Watching the market, it keeps moving (manipulation) approx 10% up and down. Someone, somewhere is making millions, trading paper or electronic silver. it's these people that are holding the market down. because the don't have to come up with the actual metal. Totally a false market with no bearing on reality. It's a crime. If one of these guys ever had to come up with the Bullion.................. Still, I think silver is a better buy than gold. Right now, give or take it has to get to $ 30 oz to double up, Gold, $2170 (USD) to double up. Mind you, gold is pretty.........................Silver is just heavy. 

I'll keep buying my scrap below spot and turning it into pretty silver crystals. When the day comes to sell, you'll get the same for that as the currently over priced 1 oz rounds.

Happy to see people are still reading the silver section, and I am not alone!

Rob.


----------



## resabed01 (Nov 12, 2015)

Placed an order today for some silver bars.... my stack is growing.


----------



## rickbb (Nov 12, 2015)

With no funds to buy with, I'll keep getting from old film. It's work, but keeps me from sitting in front of the boob tube.


----------



## Grelko (Nov 12, 2015)

torscot said:


> Hence the higher prices for the 1 oz rounds. They're selling for way over market
> 
> I'll keep buying my scrap below spot and turning it into pretty silver crystals. When the day comes to sell, you'll get the same for that as the currently over priced 1 oz rounds.
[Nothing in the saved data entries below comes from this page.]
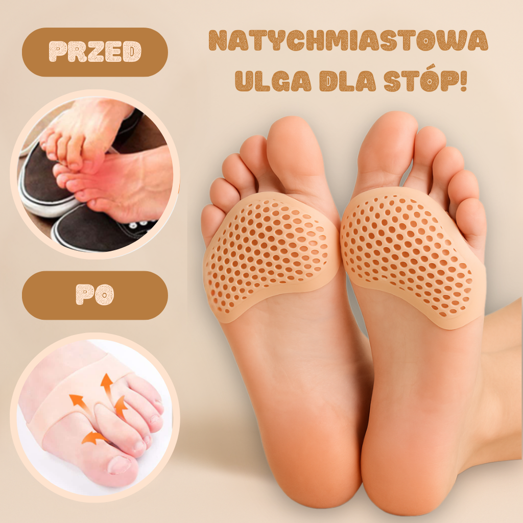 Miękka silikonowa poduszka amortyzuje każdy krok, odciąża śródstopie i chroni przed uciskiem – odciski znikają, a ból stóp przestaje Ci towarzyszyć.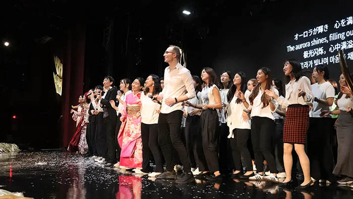 ご乗船いただいたみなさまへの感謝を込めて、クルーズスタッフによるエンターテインメントショーが開催されました。ダンスや合唱など多彩な演目が披露され、特別なひとときをお楽しみいただきました。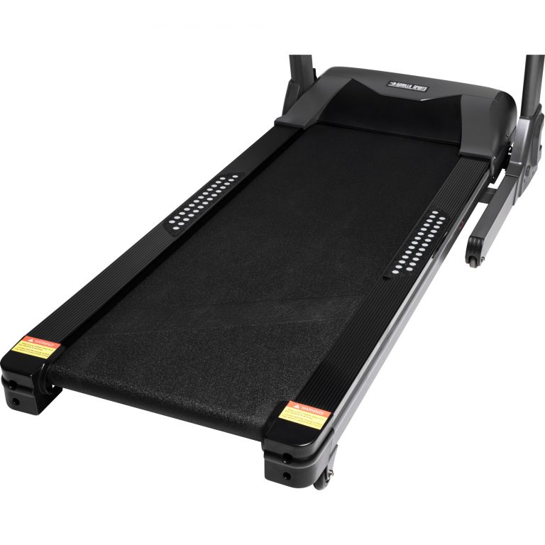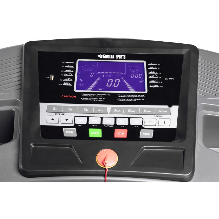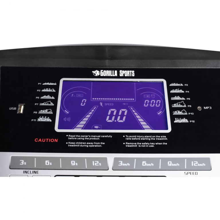 Profesionální běžecký pás od Gorilla Sports má kompletní řadu vybavení, která pokrývá vše, co byste si přáli. Integrovaný elektromotor má výkon 2 HP a stupňuje pás na rychlost mezi 1 a 16 km / h. Gumová část pásu zajišťuje bezpečnost při vysokých rychlostech. Hledáte další výzvu? V tomto případě lze v 16 krocích nastavit úhel stoupání až do maximálně 20 stupňů. Zařízení má 6palcový LCD monitor s modrým podsvícením pro zaznamenávání tréninkových dat a připojení MP3 a USB. Integrovaný magnetický zámek, skládací mechanismus s hydraulickými kolečky pro snadnou přepravu. Má tlačítka pro přímý výběr na displeji a ovládací madel, funkci nouzového zastavení, 24 tréninkových programů, funkce a programy profesionálního běžeckého tréninku, displej se zobrazením doby tréninku, tréninkové vzdálenosti, rychlosti, sklonu, spotřeby kalorií a pulzu / srdečního tepu pomocí snímače pulsu ruky. Obsahuje ruční program trénink se specifikací cíle (čas, vzdálenost, spotřeba kalorií). Stanovení indexu tělesné hmotnosti.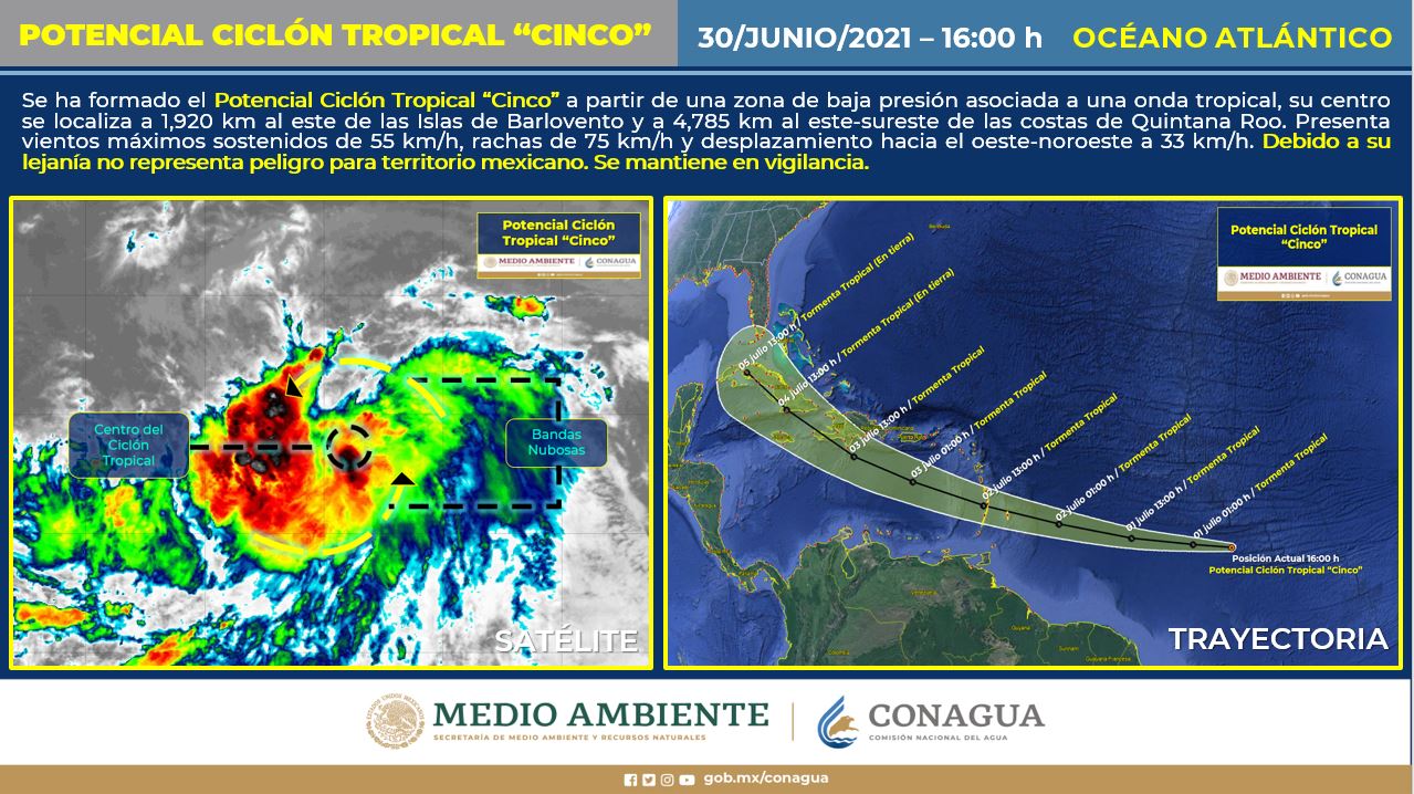 Debido a la proximidad con el Arco de las Antillas Menores, la baja presión con alto potencial de tener desarrollo ciclónico ha sido nombrada potencial ciclón tropical Cinco. El fenómeno meteorológico se encontraba esta tarde en las aguas del océano Atlántico en la Longitud 09,6° Norte y Longitud 43,7° Oeste a aproximadamente mil 920 kilómetros al este del Arco Antillas Menores, tiene vientos sostenidos de 55 km/h con rachas mayores, se mueve rápido hacia el oeste y noroeste a 33 km/h y tiene una presión barométrica de 1.008 hPa.

The last time I bought silver rounds, they were $1.69 over spot "for the loose/junk rounds", and silver has gone down another dollar since then :roll: 

Talking about "turning scrap into silver" I get scrap metal alot, so let's say I get a washer and dryer, I'll tear them apart, take them to the scrapyard, then go right up the road to the jewelry store and get some silver. 

I've also been known to go out and "trash pick" now and again. That's the real version of "turning trash into treasure" people always talk about. 8) :mrgreen:


----------



## Golddigger Greg (Nov 12, 2015)

Up here in the Great White North, there are two ways to get upside down on silver quickly; the premium is a whopping CAD$5.30 per 1oz Mint round online, more if you order at the tellers window. The other factor is the exchange rate @ 1.3282. Even if the silver price remained flat, it is a gamble on whether the dollar will eat your money. 

I've been buying as the price has been dropping to average my price per ounce down to what I can currently get rounds for at the bank, but I need to get it lower yet to feel comfortable.


----------